A Kruskal-Wallis test can be applied to the data to answer the same question, and it should be more appropriate given the skewed distributions of the groups. The hypotheses for this test concern the distributions of each group rather than the means. If the samples are distributed equally, this implies that their sample statistics will be similar. The test can be compared to a significance level of \(\alpha = 0.05\). They can be written as follows:
\[ H_0:\text{All samples come from the same distribution} \\ H_a:\text{At least one sample's distribution is stochastically different} \]
kruskal.test(POVPIP ~ race, data = census_sample) %>% pander(caption = 'Kruskal-Wallis Rank Sum Test')
Test statistic | df | P value |
---|---|---|
162.3 | 4 | 4.647e-34 * * * |
The p-value of this test (p<0.001) is extremely low compared to \(\alpha\), suggesting there is evidence in support of the alternative hypothesis. It does appear that at least one of the samples is stochastically different. The model is justified because of the skewness of the samples. This suggests that different races do exhibit different average income-poverty ratios.
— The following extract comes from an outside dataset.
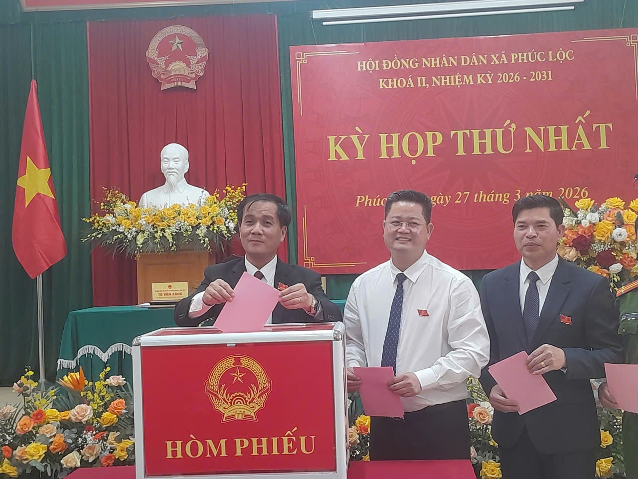 Đại biểu bầu các chức danh chủ chốt của HĐND xã và UBND xã Phúc Lộc . Ảnh: Nguyễn Hưng

Based on the graphic, it appears that black Americans and other minority racial groups do seem to be closer to the poverty on average than other racial groups in America, especially compared to Asians and white Americans.
Based on the results of this analysis, it is reasonable to assume that there is a relationship between income-poverty ratios and crime rates. Because of this, it is recommended that actions are taken to increase these ratios across the states. Certain racial groups do seem to be more likely to have lower income-poverty ratios, particularly black Americans. It is recommended that steps be taken to improve socioeconomic conditions in this community. Ideally in doing so, violent crime rates across the country may be lowered.